After being purchased by Red Funnell, Durraween was sailed from Fleetwood, England to Sydney. The voyage took 92 days, during which the trawler spent some time aground at Cocos Islands, and finished in late 1928. On 28 December 1937, the trawler collided with the passenger liner off Montague Island.

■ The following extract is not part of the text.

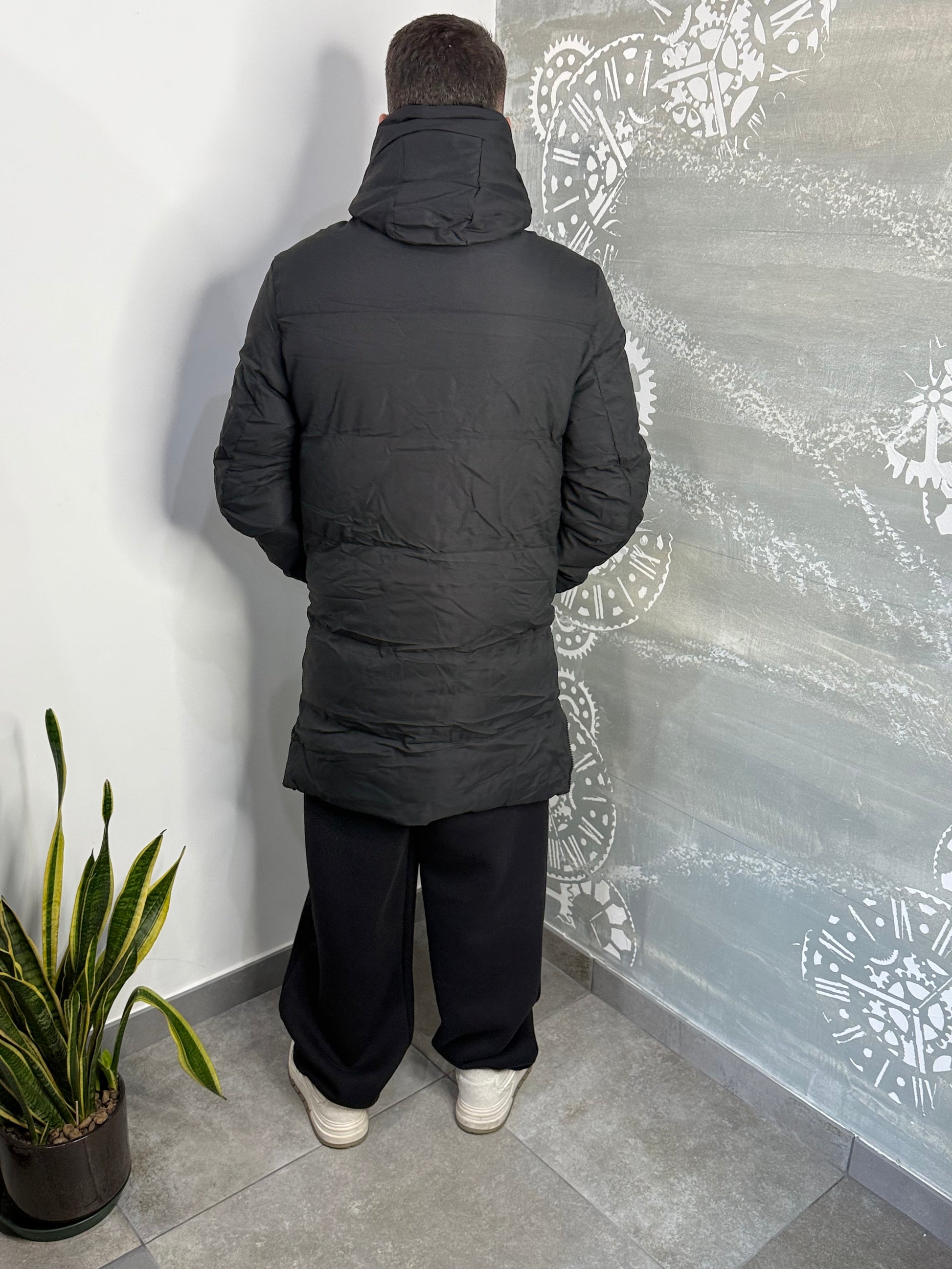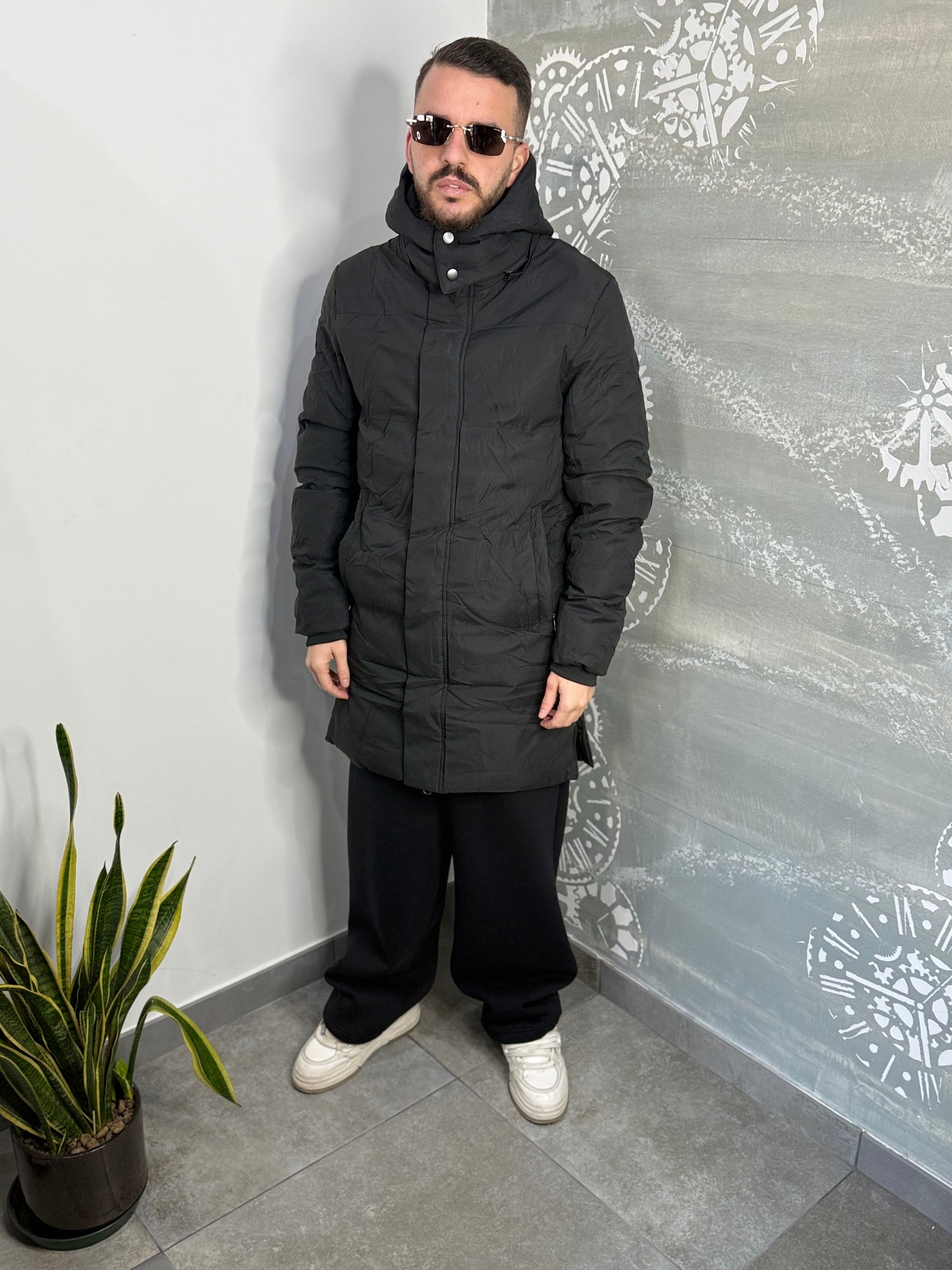 Giubbino lungo, imbottito con collo a cappuccio, doppia chiusura cerniera e bottoni a pressione e cerniera laterali per regolare la vestibilità.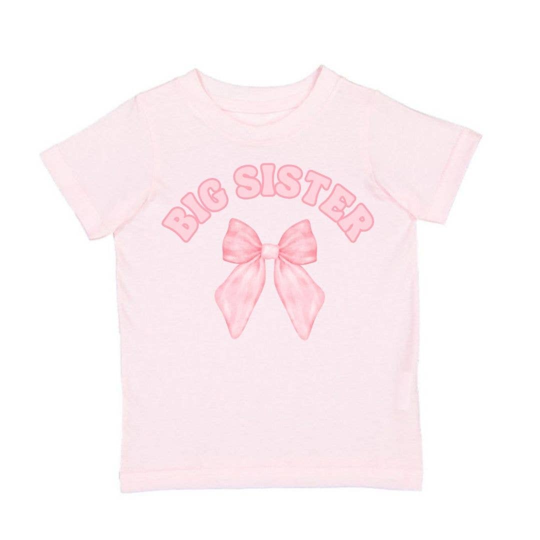 The Big Sister Bow Short Sleeve T-Shirt is a fun and cute t-shirt for any girl who's a big sister or about to become a big sister! Features: * Shirt Color: Ballet Pink * Graphic Color: Light and Dark Pink *

On 29 July 1940, Durraween was requisitioned by the RAN for use as an auxiliary minesweeper. During the war, Durraween was based in Port Melbourne, Victoria as part of Minesweeping Group 54, and operated in Bass Strait. Together with HMAS Orara, they swept for mines off Wilsons Promontory in November 1940 and removed forty-three mines from Bass Strait, which had been laid by the German auxiliary cruiser Pinguin and auxiliary minelayer Passat.

In August 1944, Durraween was employed conducting survey work in the Torres Strait. After the war, she was paid off from RAN service on 1 November 1945, and after being returned to her owners in 1946, she worked again as a trawler. She was stripped and broken up at Blackwattle Bay in 1952.